I fell asleep not long after, exhaustion from the morning flight pulling me under. The cleaning, the arranging, the quiet movements around my parents' house and my own had drained me more than I realized.

The bed welcomed me like an old friend, soft and familiar, wrapping me in the kind of comfort that makes time dissolve. I slipped so easily into sleep that I didn't even notice I had skipped dinner.

But what woke me was not hunger.

It was heat. A different kind of heat.

The dream lingered, vivid and relentless, clinging to me like sweat on my skin. I could still feel the softness of that man's lips pressed against mine, the way his touch roamed across me, daring, unhesitant, coaxing awake a passion I had long buried.

My body betrayed me, remembering, craving. I could still hear my own voice... weak, trembling, breaking into moans that filled the air. It was as though the dream had crossed the boundary of sleep and planted itself into the marrow of my bones.

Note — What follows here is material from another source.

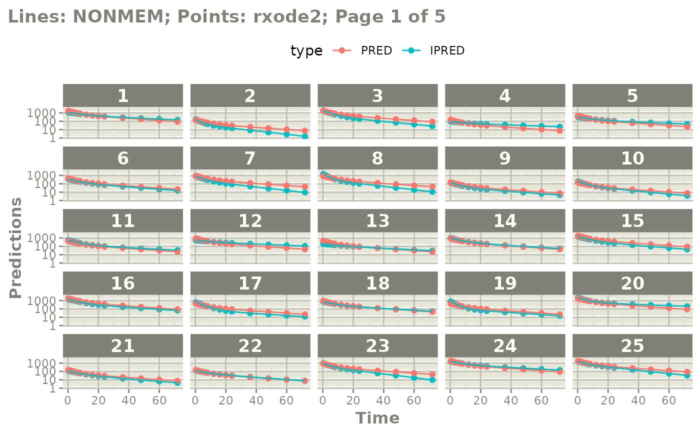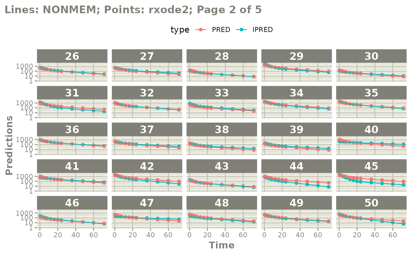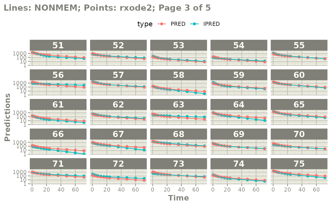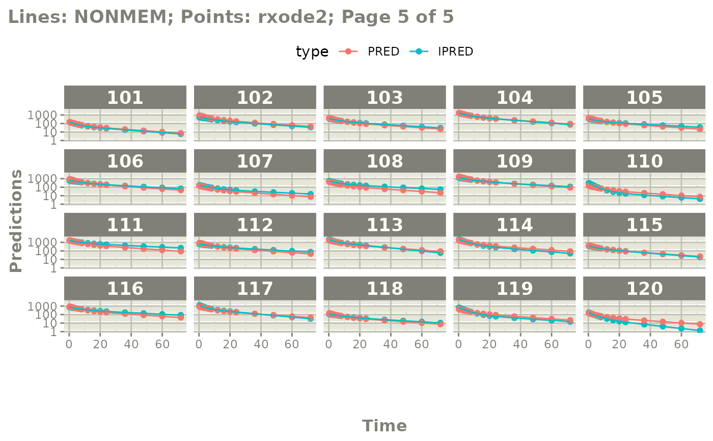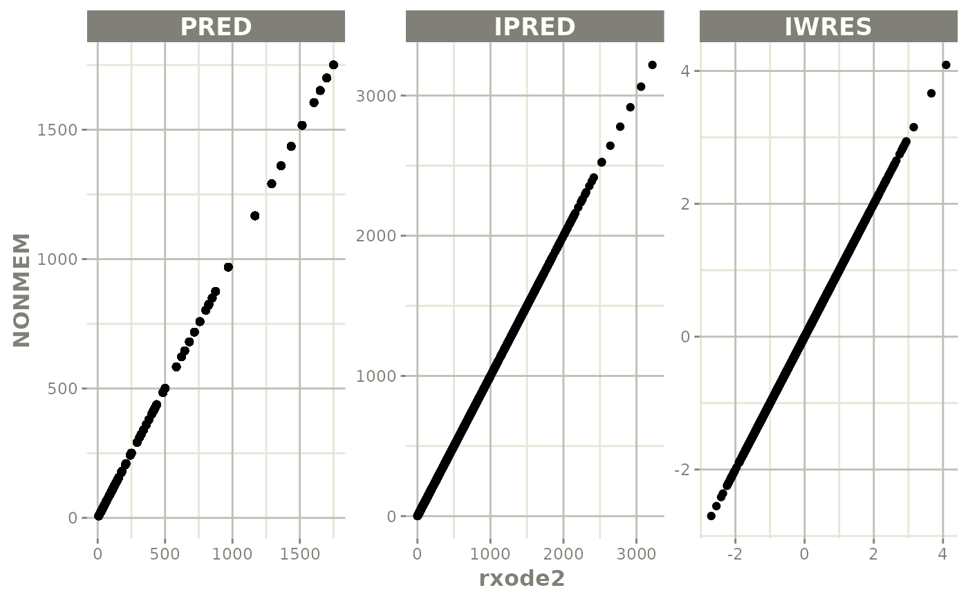 #> NONMEM/rxode2 comparison data: $iwresCompare, $predCompare, $ipredCompare

I opened my eyes, startled, and my gaze fell on the glowing red numbers of the clock: 2:00 AM.

Damn.

Why was I even dreaming of a stranger? Why was my body so alive with the memory of someone I could not even name? I couldn't even picture his face. All I remembered was the warmth of his breath, the weight of his presence above me… and the panic when I ran out of his room.

I sat up, restless, my sheets tangled around me as though they had been witnesses to something they couldn't explain. Sleep was impossible now. My mind spun, circling the same questions like a moth around flame. Who was he? Why him?

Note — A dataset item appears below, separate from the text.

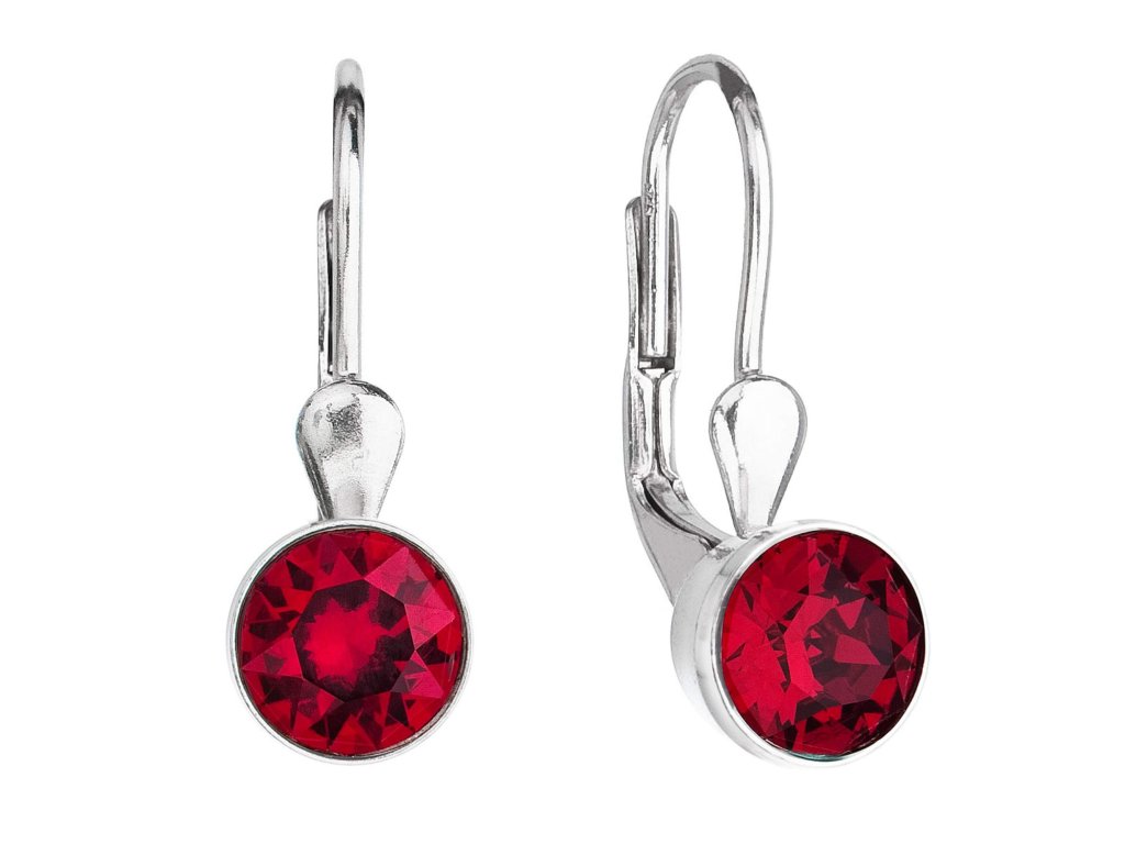 Náušnice jsou vyrobeny ze stříbra o ryzosti 925/1000 s povrchovou úpravou rhodiem a jsou zdobeny kulatým Swarovski krystalem v rudé barvě. Náušnice zapnete na klapku, která je spolehlivě ochrání proti nechtěné ztrátě. Do náušnic není přidán nikl, a tak je bez obav mohou nosit i alergici.

I dragged myself to the kitchen and pulled a cold bottle of beer from the fridge. I cracked it open, the sharp hiss breaking the silence, and drank it down fast, hoping the bitterness would wash him out of my thoughts.

But it didn't.

The memory clung tighter, every sip making me more aware of the fire I was trying to smother.

I pressed the cold bottle to my forehead and closed my eyes.

Who is he?

Why do I feel like this… as if my heart already knows the answer, and my mind is too afraid to speak it?

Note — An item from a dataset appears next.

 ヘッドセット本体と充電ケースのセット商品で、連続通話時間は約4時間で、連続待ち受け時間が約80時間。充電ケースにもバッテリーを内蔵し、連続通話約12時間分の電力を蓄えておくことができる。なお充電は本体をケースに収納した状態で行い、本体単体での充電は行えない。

Suddenly, my phone buzzed with a message from my brother. Not by blood, but by bond, a sworn sibling I could always count on.

[Sis… Remember Patrick, your ex? He broke up with his fiancée. She caught him cheating with a forty-year-old woman!]

I stared at the screen, half-amused, half-annoyed. A forty-year-old woman? That was… interesting. But hardly surprising. Patrick was always chasing something... attention, validation, women who made him feel powerful. It wasn't new.

I remembered the way he once told me he had found someone "better" than me. And yet, that someone turned out to be old enough to be my mother. I should've laughed back then, but the words had stung.

After all, even during our relationship, I'd always suspected the real person who held his heart was his so-called best friend. The way they whispered, texted, shared little looks... it was all too intimate. I should've walked away sooner.

And he did, in fact, end up with her in the end. His best friend turned lover.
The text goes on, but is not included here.